Once you find the line with "油价下跌的原因在于,报道称欧" in the entries below, print it and each line after it up to and including the line with "Automatiza más procesos", exactly, without pictures.

## [RECORDS PROVIDED]
------------------------
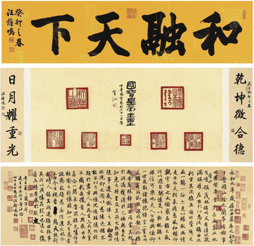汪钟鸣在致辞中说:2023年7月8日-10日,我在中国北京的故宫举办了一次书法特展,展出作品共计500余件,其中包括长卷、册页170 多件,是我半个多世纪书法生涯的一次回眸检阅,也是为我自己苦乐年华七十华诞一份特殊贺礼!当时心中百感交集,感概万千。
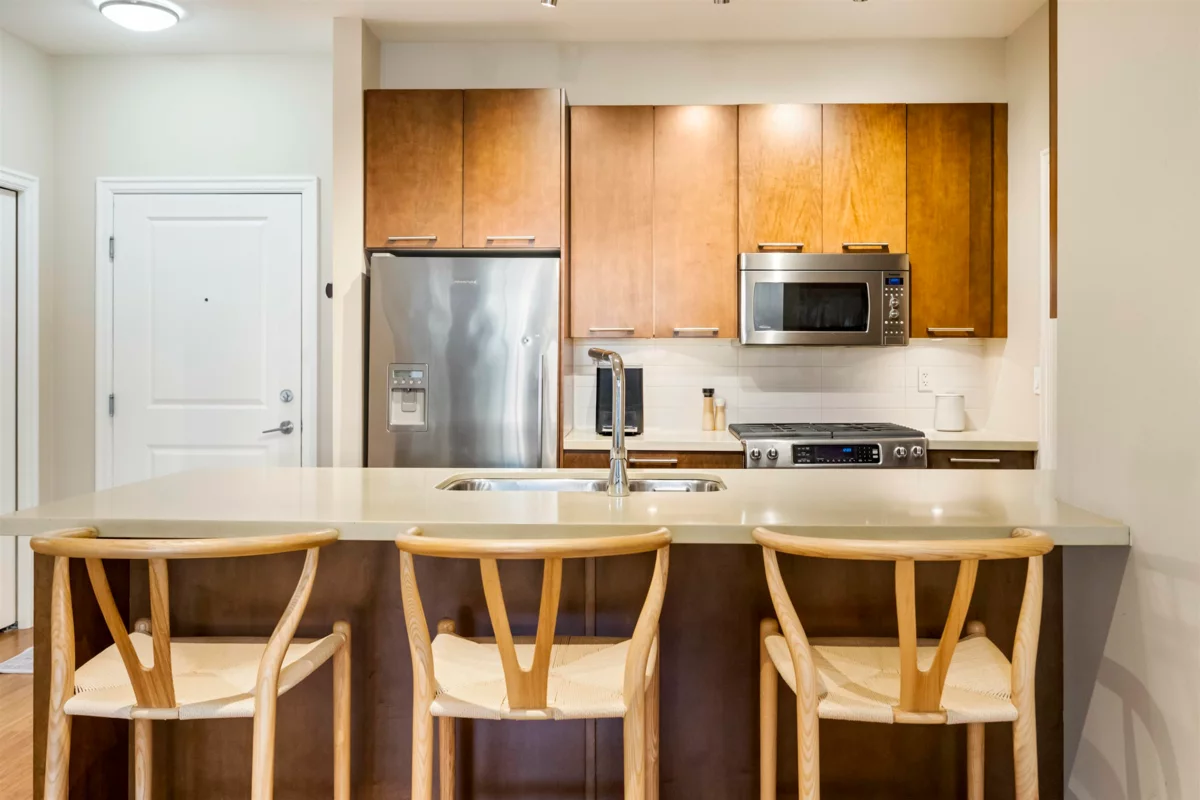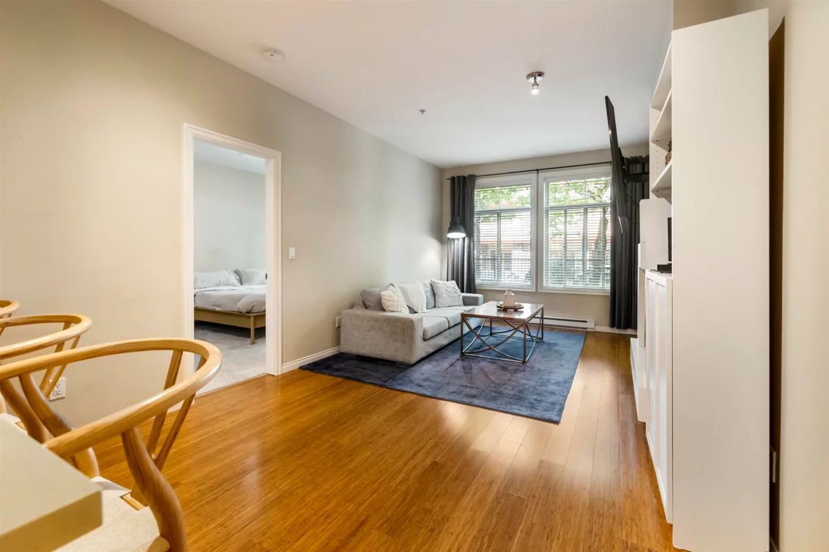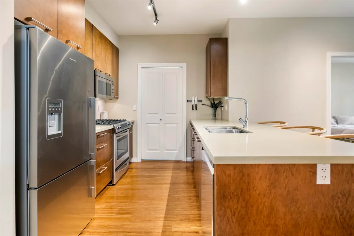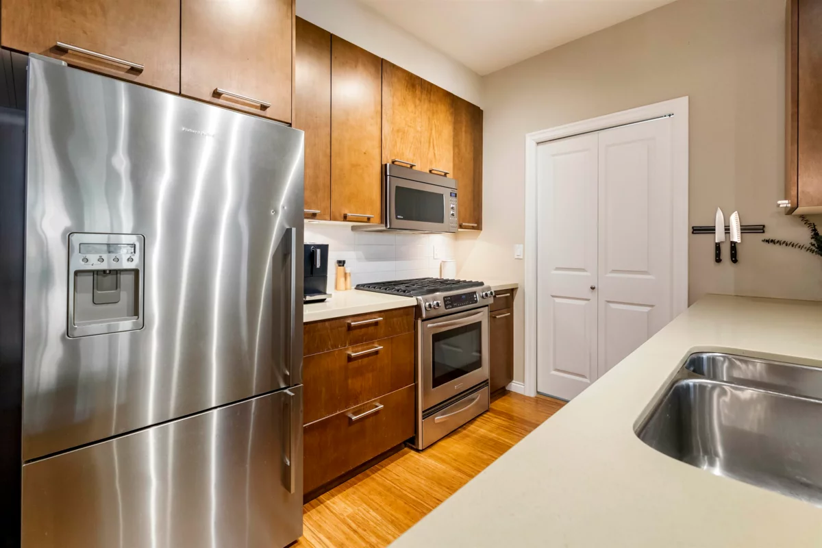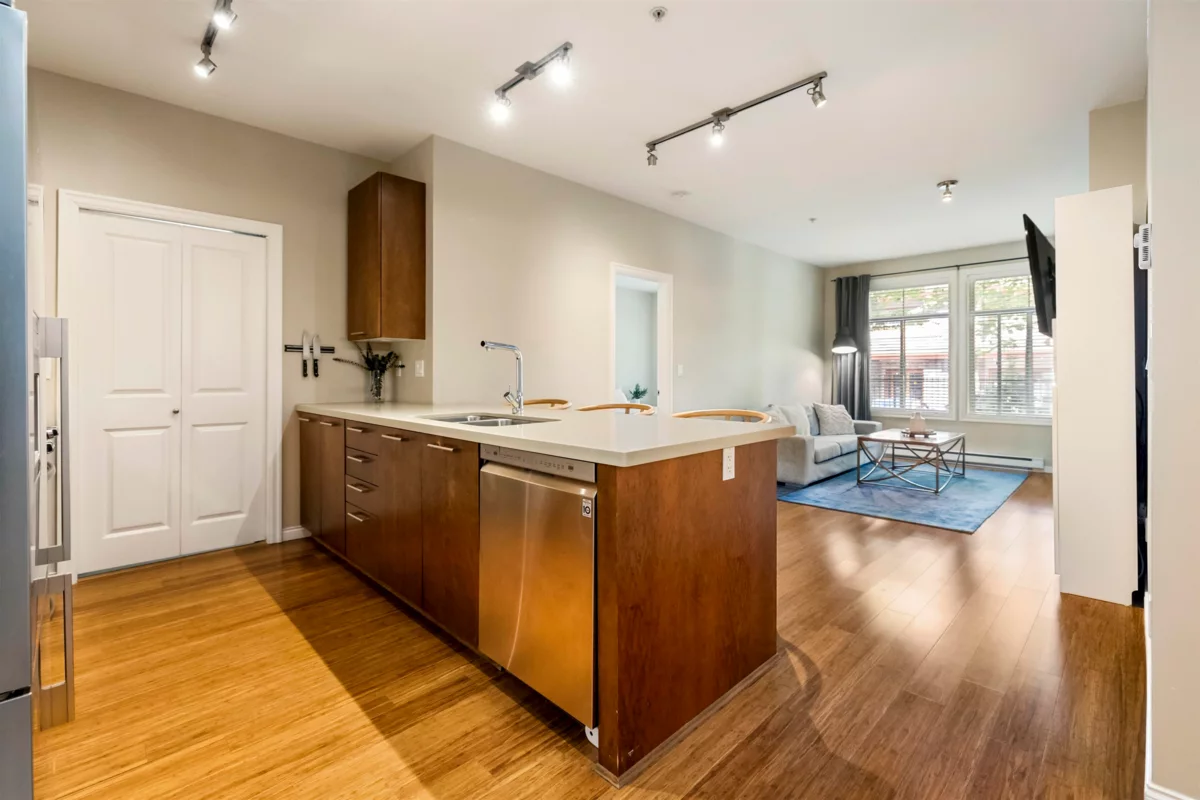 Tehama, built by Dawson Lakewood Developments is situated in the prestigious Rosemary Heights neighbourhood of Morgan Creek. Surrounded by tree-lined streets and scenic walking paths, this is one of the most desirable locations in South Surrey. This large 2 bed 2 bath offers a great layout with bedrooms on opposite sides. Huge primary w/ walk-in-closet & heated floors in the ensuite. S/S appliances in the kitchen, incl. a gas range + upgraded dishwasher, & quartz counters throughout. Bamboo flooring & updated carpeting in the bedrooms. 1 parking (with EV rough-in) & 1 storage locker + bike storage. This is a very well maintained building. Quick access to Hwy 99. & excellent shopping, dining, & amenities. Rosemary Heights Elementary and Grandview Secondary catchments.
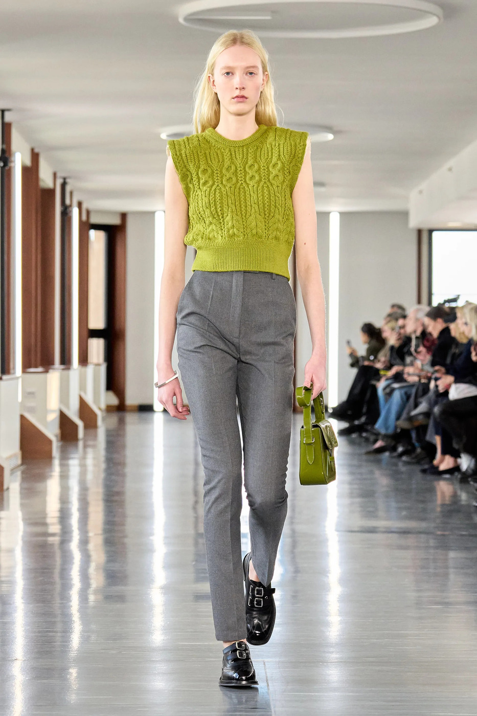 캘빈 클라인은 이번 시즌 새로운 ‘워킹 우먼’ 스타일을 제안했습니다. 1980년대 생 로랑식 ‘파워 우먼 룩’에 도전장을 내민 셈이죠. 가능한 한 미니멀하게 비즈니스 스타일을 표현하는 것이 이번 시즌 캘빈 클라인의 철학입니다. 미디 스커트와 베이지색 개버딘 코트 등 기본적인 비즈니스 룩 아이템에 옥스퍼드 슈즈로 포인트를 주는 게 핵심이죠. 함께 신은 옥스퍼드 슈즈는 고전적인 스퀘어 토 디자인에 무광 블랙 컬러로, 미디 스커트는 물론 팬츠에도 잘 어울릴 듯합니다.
------------------------
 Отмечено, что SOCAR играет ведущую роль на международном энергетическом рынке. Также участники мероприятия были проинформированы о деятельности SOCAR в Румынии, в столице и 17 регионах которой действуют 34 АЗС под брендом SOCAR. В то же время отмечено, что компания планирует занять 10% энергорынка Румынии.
------------------------
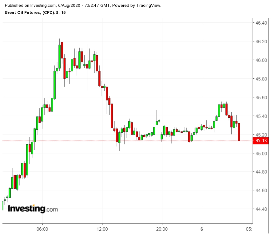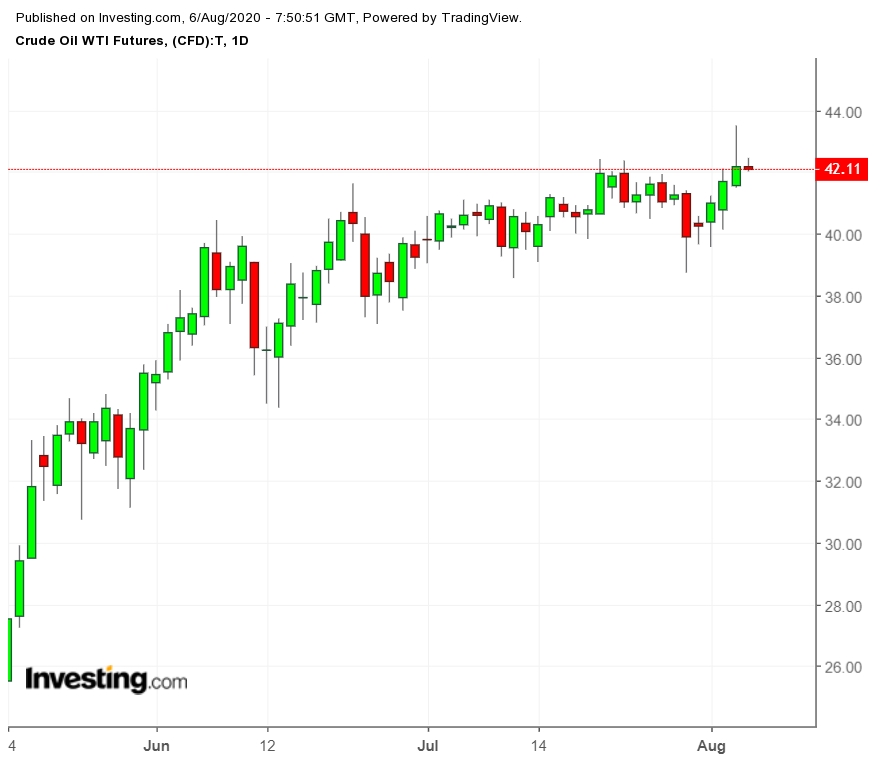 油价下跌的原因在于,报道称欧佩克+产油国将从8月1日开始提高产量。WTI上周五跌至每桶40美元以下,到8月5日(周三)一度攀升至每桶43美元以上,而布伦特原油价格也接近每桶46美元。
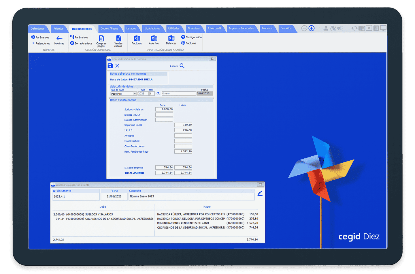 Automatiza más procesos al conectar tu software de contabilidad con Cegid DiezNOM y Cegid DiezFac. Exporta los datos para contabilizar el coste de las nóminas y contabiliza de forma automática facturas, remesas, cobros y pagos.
------------------------
## [RESULT OF THIS EXERCISE]
 油价下跌的原因在于,报道称欧佩克+产油国将从8月1日开始提高产量。WTI上周五跌至每桶40美元以下,到8月5日(周三)一度攀升至每桶43美元以上,而布伦特原油价格也接近每桶46美元。
 Automatiza más procesos al conectar tu software de contabilidad con Cegid DiezNOM y Cegid DiezFac. Exporta los datos para contabilizar el coste de las nóminas y contabiliza de forma automática facturas, remesas, cobros y pagos.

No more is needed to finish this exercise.